→ **Task directions**:
With the pictures left out, reproduce exactly the lines running from the line with "Affärskorten för Garden" to the last line of the material below.

→ **Stored data**:
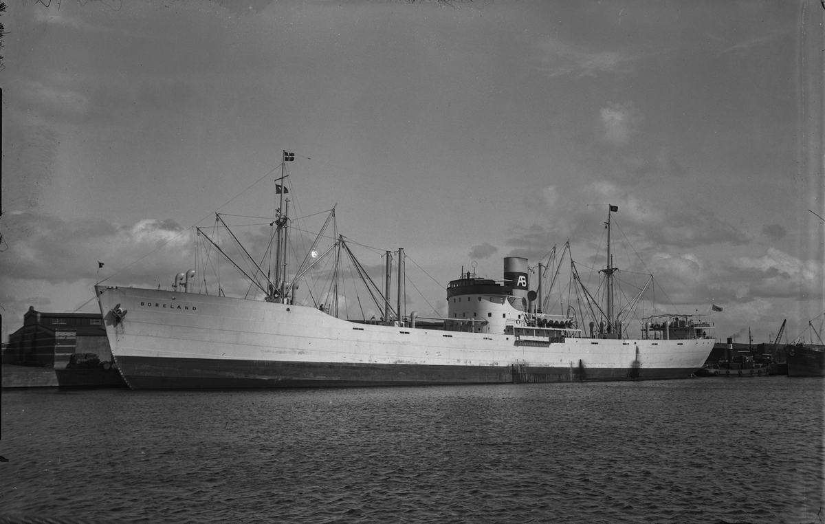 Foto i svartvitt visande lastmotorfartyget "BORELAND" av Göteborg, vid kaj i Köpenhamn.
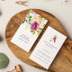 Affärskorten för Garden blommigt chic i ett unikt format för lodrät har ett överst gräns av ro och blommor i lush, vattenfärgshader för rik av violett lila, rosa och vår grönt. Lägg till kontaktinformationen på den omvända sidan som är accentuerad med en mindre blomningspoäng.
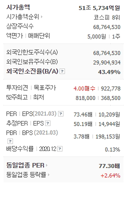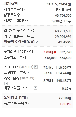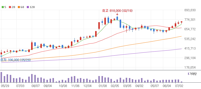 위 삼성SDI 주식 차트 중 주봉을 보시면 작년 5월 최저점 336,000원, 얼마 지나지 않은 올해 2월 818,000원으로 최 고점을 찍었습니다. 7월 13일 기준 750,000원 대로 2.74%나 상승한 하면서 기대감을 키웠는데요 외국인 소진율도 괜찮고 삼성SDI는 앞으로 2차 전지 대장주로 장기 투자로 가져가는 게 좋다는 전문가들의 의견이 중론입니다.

→ **Response for this exercise**:
 Affärskorten för Garden blommigt chic i ett unikt format för lodrät har ett överst gräns av ro och blommor i lush, vattenfärgshader för rik av violett lila, rosa och vår grönt. Lägg till kontaktinformationen på den omvända sidan som är accentuerad med en mindre blomningspoäng.
 위 삼성SDI 주식 차트 중 주봉을 보시면 작년 5월 최저점 336,000원, 얼마 지나지 않은 올해 2월 818,000원으로 최 고점을 찍었습니다. 7월 13일 기준 750,000원 대로 2.74%나 상승한 하면서 기대감을 키웠는데요 외국인 소진율도 괜찮고 삼성SDI는 앞으로 2차 전지 대장주로 장기 투자로 가져가는 게 좋다는 전문가들의 의견이 중론입니다.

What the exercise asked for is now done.